現在では「してはいけないこと」をしたことがあります。ある日、体調が悪く熱が出てとてもではないが朝から電車に乗って通学できる状態ではない日がありました。「休みます」と連絡しましたが、その日には数名で何か発表をすることになっていたので、途中から出かけて、教室で発表して、すぐ早退して帰ってきたことがあります。発表する仲間からは喜ばれましたが、今考えると、熱が出た状態で電車で出かけるなど、大変申し訳なかったと思います。

そもそも何故学院に入ったかというと、私が小学生、中学生の頃、父・瀧澤武雄が学院の教員(日本史)をしていたからで、小学生の頃、1度だけ学院祭に連れて行ってもらった時、鉄道模型のクラブの展示を見て「凄いな、楽しそう」と思ったのがきっかけでした。父も旧制の学院卒業です。

卒業後

卒業後は理工学部・理工学研究科で数学(はじめ、代数幾何、のち、計算数学)を学び、1978年に他大学でコンピュータ関係の教員として勤め、その頃から学院の3年生の時にプログラミングを教えていただいたときから「出来るといいな」と思っていた「コンピュータ将棋」の開発にも取り組みました。早稲田大学に政治経済学部の教員として勤めたのは1985年からです(その前に、修士学生の時、学院の非常勤講師を半年、1984年から政治経済学部の非常勤講師を1年)。早稲田大学の教員としては政治経済学部(現在は政治経済学術院)で「数学」の教員として経済学で使われる基礎的な部分を担当し、他に教育学研究科でも「数学教育」などを担当しました。大勢の教職員と共にグローバルエデュケーションセンターという長ったらしい名前の組織を立ち上げ、初代所長をつとめました。早稲田大学数学教育学会には山下先生、学院の小久江満先生、本庄昭三先生、喜多見孟先生、山口道成先生、前島仁先生、岩田利男先生、山岡幹雄先生らとともに立ち上げから関わり、2011年から2019年までは会長をしていました。現在の会長は高等学院長の武沢護先生です。

写真2 大山康晴賞(日本将棋連盟より

コンピュータ将棋 

 コンピュータ将棋は1974年11月頃から開発をはじめました。ミニマックス原理とαβ法に基づくものですが、とても弱いものしか出来ませんでした。しかし、仲間が増え、1986年に東京農工大学の小谷善行先生と共に「コンピュータ将棋協会」(CSA)を立ち上げ、1990年に「世界コンピュータ将棋選手権」を開催してからは参加者が増え、当時最強のプログラムが1995年頃初段に到達しました。そこからは、さらに参加者が増え、様々なアルゴリズムが考案され、現在では、プロ棋士よりかなり強くなるまでに至りました。詳しくは、「人間に勝つコンピュータ将棋の作り方」(共立出版、2012年)にあります。これに関連して2021年に日本将棋連盟から大山康晴賞をいただき、大変驚きました。大山先生は「コンピュータに将棋を指させてはいけない。人間が負けるに決まっているから」と仰っていたからです。写真2はその表彰状です。
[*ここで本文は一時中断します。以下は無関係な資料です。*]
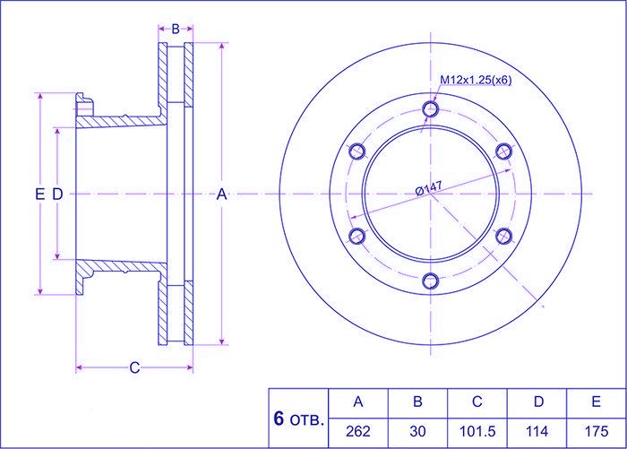 Диск тормозной /передний /TI-GUAR для Toyota TOYOACE DYNA 150/200 1987-1995 /LY6# LY21# BU6# 8# 10#; 262/30мм; TG-43512-25050 PD3119127S 3119127 ADT343216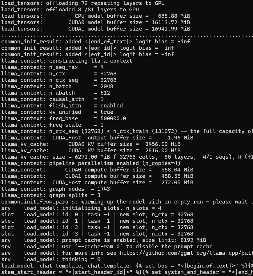>>1503319 >Попробуй взять квант поменьше, чтобы на 48гб с кэшем влезало. Llama-3_3-Nemotron-Super-49B-v1.Q6_K.gguf весит ровно 40 Гб, с хуя ли она не должна на 48 Гб с кэшем влезть?
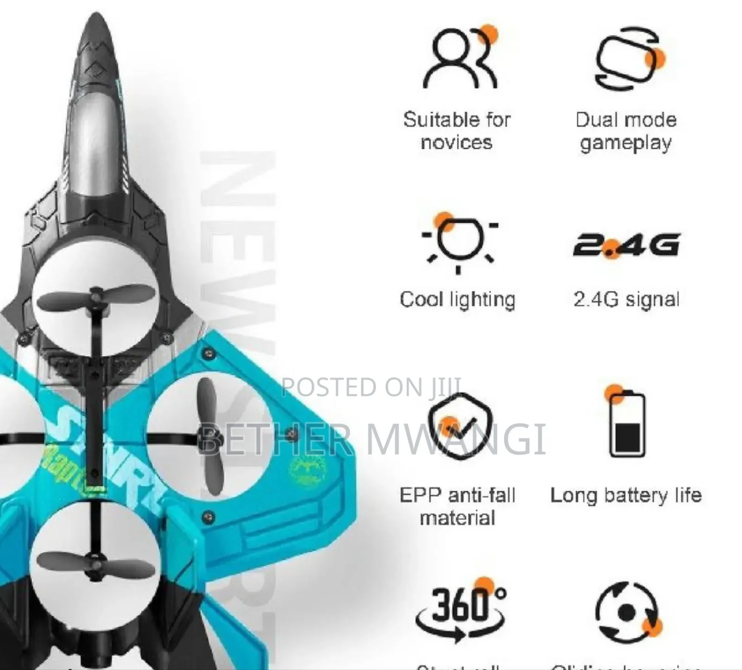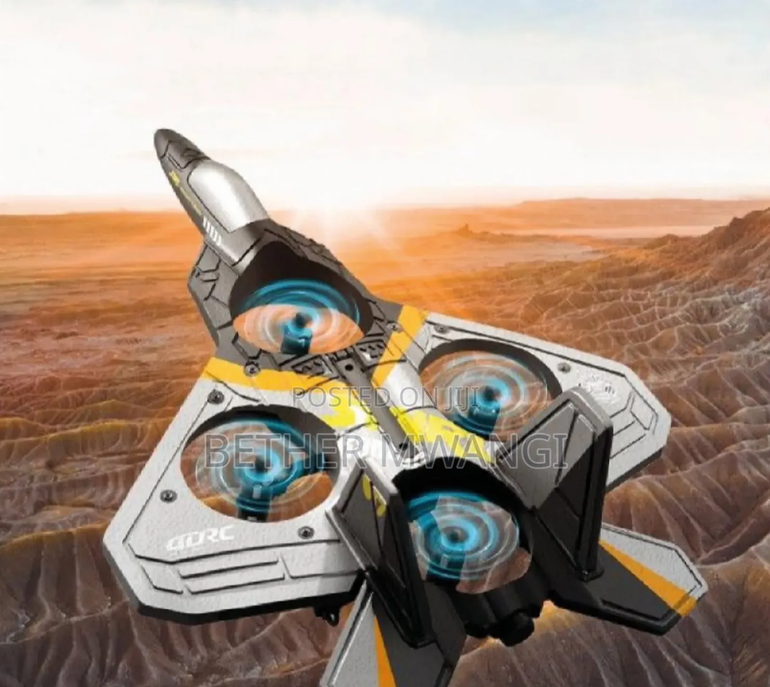 Excellent design: 4d-v17 pilane no assembling required and getting to fly when you open the box. press a button on remote control, the fighter jet drone will flip 360 degree when flying. it adopts 6 axis gyro flight for very stable flight experience, one key take off and landing. it is easy to fly for kids, beginners and adults,help beginners learn to fly step by step. durable design & safe materials:made of erp high-toughness drop-resistant material and electronic elements.equipped with a rechargeable battery(charging time is 1 hours) and the built-in strong power motor, which can last for 25 minutes(free two rechargeable batteries) radio control: our radio controlled planes come with a 2.4ghz & gravity sensitive transmitter that easily operates the plane from a distance.

 代表的なプログラムを少し紹介しますと、初期の頃では「森田将棋」「柿木将棋」「永世名人」「金沢将棋(極)」、その後、「YSS」「IS将棋」「shotest」(イギリス)、「激指」「KCC将棋」(北朝鮮)、「bonanza」「GPS将棋」「ボンクラーズ」「ponanza」「elmo」「Hefeweizen」「やねうら王」「水匠」「dlshogi」「技巧」「PAL」「AWAKE」(「AWAKE」は吉沢亮氏主演で2020年に映画化され、私も技術面で協力しました)があります。 

 2022年に行われた「第32回世界コンピュータ将棋選手権」には51チームが参加し、deep learningという手法を使っている「dlshogi with HEROZ」(「PAL」のメンバーも加わっています)が優勝、「Hefeweizen」のメンバーも加わっている「二番絞り」が準優勝しました。ご存知の名前があれば、「通」ですね。

写真3 清水市代女流王将対「あから2010」の対局風景 (C)情報処理学会

 私は、2000年に小谷先生から引き継いで、CSAの会長をしてきましたが、2021年度末で大学を定年退職するのを機に、会長も東京大学の松原仁先生に引き継いでいただき、現在は小谷先生と共にCSAの副会長です。

  写真3は、2020年に東京大学で行われた清水市代女流王将とコンピュータ将棋システム『あから2010』の対局風景。『あから』は仏教の経典にある巨大数10の224乗のことで、将棋の駒を並べた状態から、勝敗が決まるまでの局面の概数と近い数。